Vlack v. Baker

663 N.Y.S.2d 49 | N.Y. App. Div. | 1997

In an action to recover damages for personal injuries pursuant to General Obligations Law § 11-100, the defendant Steven Martens and the defendant Christopher Shultz separately appeal from an order of the Supreme Court, Putnam County (Hickman, J.), dated June 18, 1996, which denied their respective motions to apply CPLR article 16 to this action.

Ordered that the order is reversed, on the law, with costs, and the defendants’ motions are granted.

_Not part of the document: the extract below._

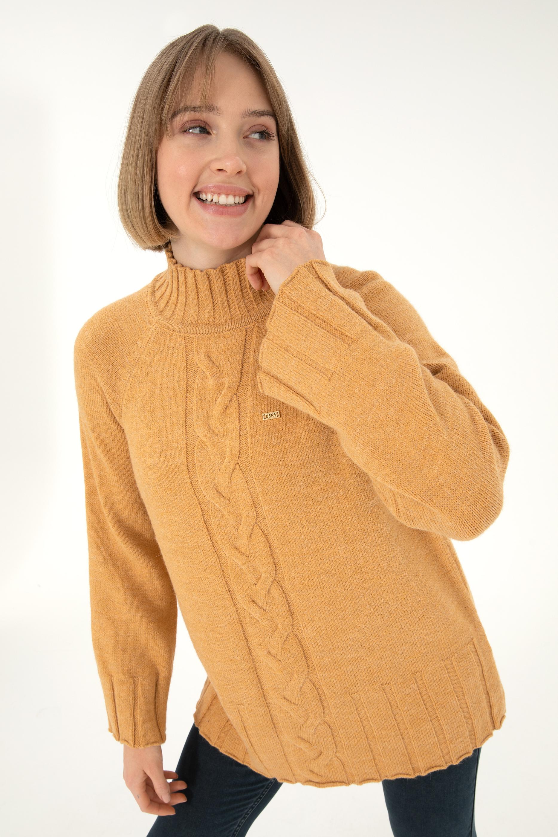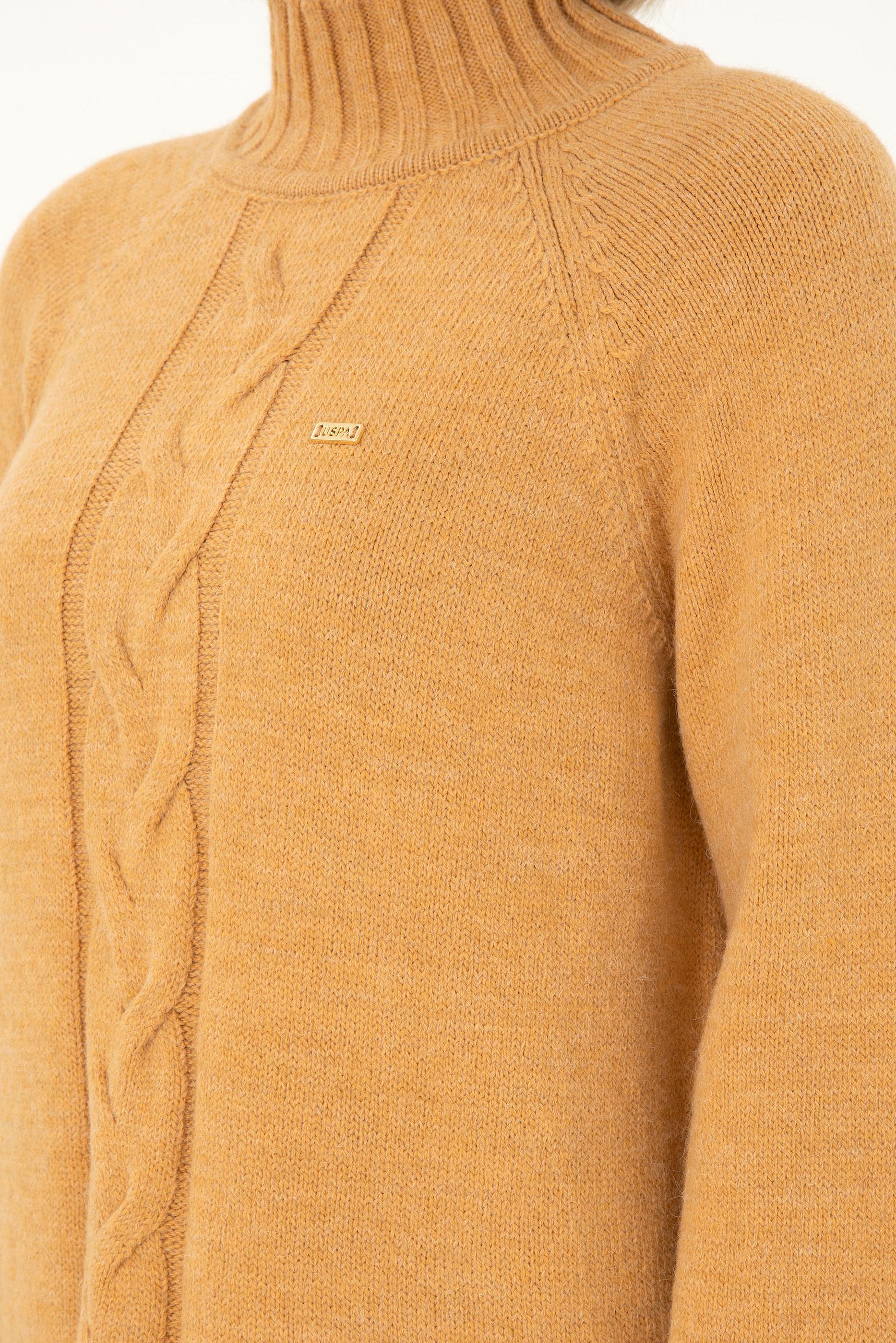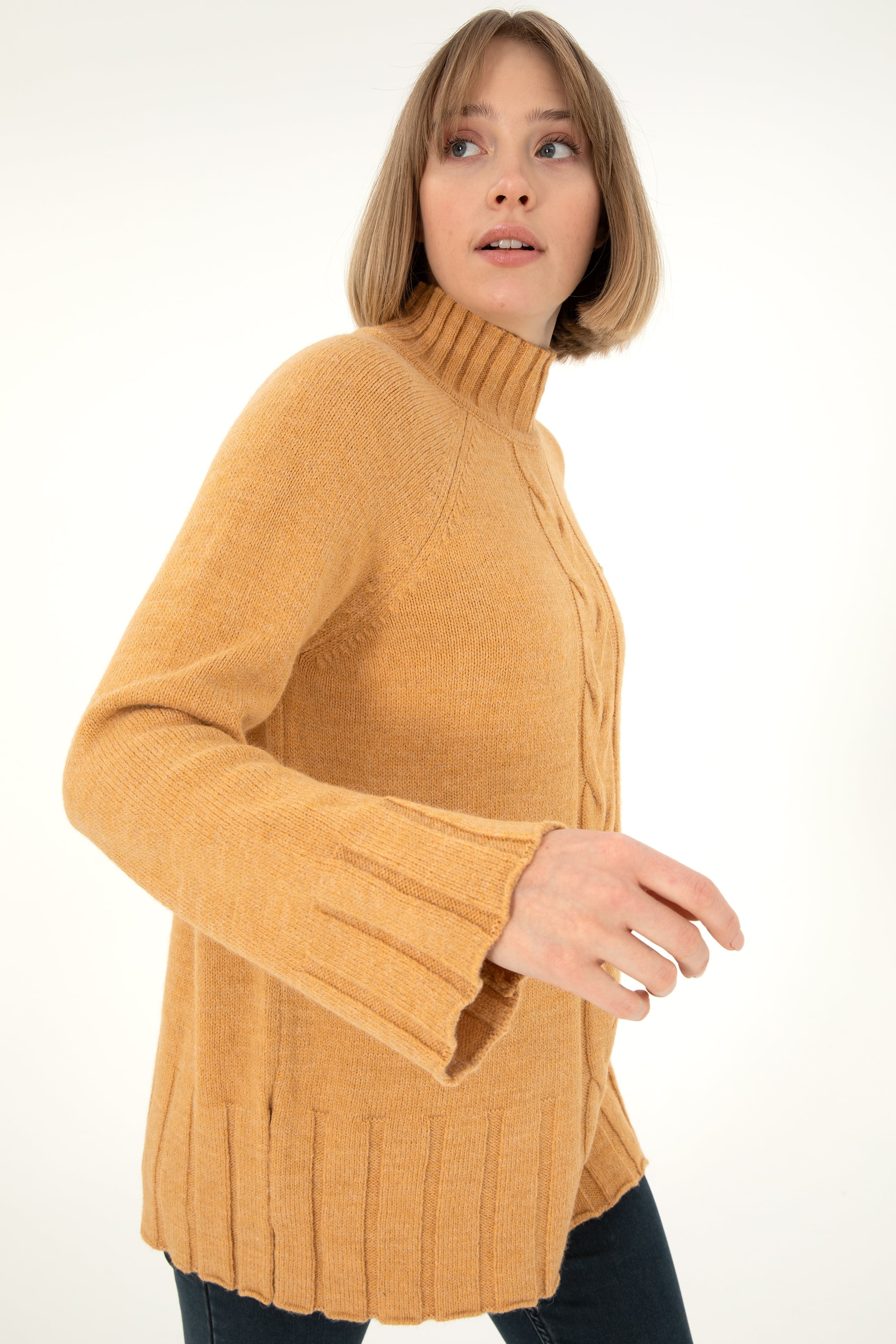 Kadın Camel Melanj Balıkçı Yaka Kazak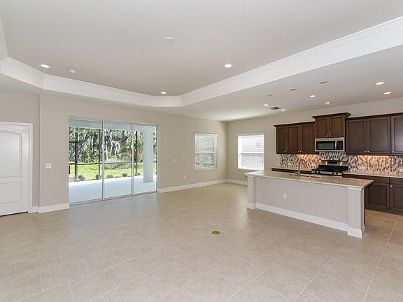 This all-new home in Silverleaf features an airy, open layout and is completely move-in ready.. The expansive great room opens to the gourmet kitchen, which features an island, large pantry and breakfast nook, spacious countertops and upgraded maple cabinetry. A separate dining room is great for more formal meals and entertaining. The spacious master suite includes wall-to-wall plush carpeting, two walk-in closets and a master bath with a walk-in shower and private water closet. The two secondary bedrooms are situated close to the second bath. A large covered lanai off the great room is included, with plenty of space for outdoor living and a true outdoor retreat. Visit this Neal community in Parrish and see this beautiful new home. Call today for more information and to schedule an appointment.

There is no merit to the plaintiffs contention that the defendants Steven Martens and Christopher Shultz, each of whom was found by a jury to be 15% at fault for the plaintiff s injuries under General Obligations Law § 11-100 (the social host statute), may not benefit from the protection afforded by CPLR 1601. CPLR 1601 limits the liability of a defendant found to be 50% or less at fault in causing the plaintiffs noneconomic losses to that defendant’s share of the fault (see, CPLR 1601; Siler v 146 Montague Assocs., 228 AD2d 33). Since the instant situation does not fall within any of the exceptions to CPLR *7051601 that are enumerated in CPLR 1602, it was improper for the court to determine that CPLR 1601 did not apply to the appellants on the ground that the policies underlying the enactment of General Obligations Law § 11-100 outweighed the policies underlying the subsequent enactment of CPLR article 16 (see, McKinney’s Cons Laws of NY, Book 1, Statutes §§ 73, 74, 94; see also, Arbegast v Board of Educ., 65 NY2d 161, 169; Easley v New York State Thruway Auth., 1 NY2d 374, 379; Schrader v Carney, 180 AD2d 200; Robinson v June, 167 Misc 2d 483). Pizzuto, J. P., Santucci, Friedmann and Luciano, JJ., concur.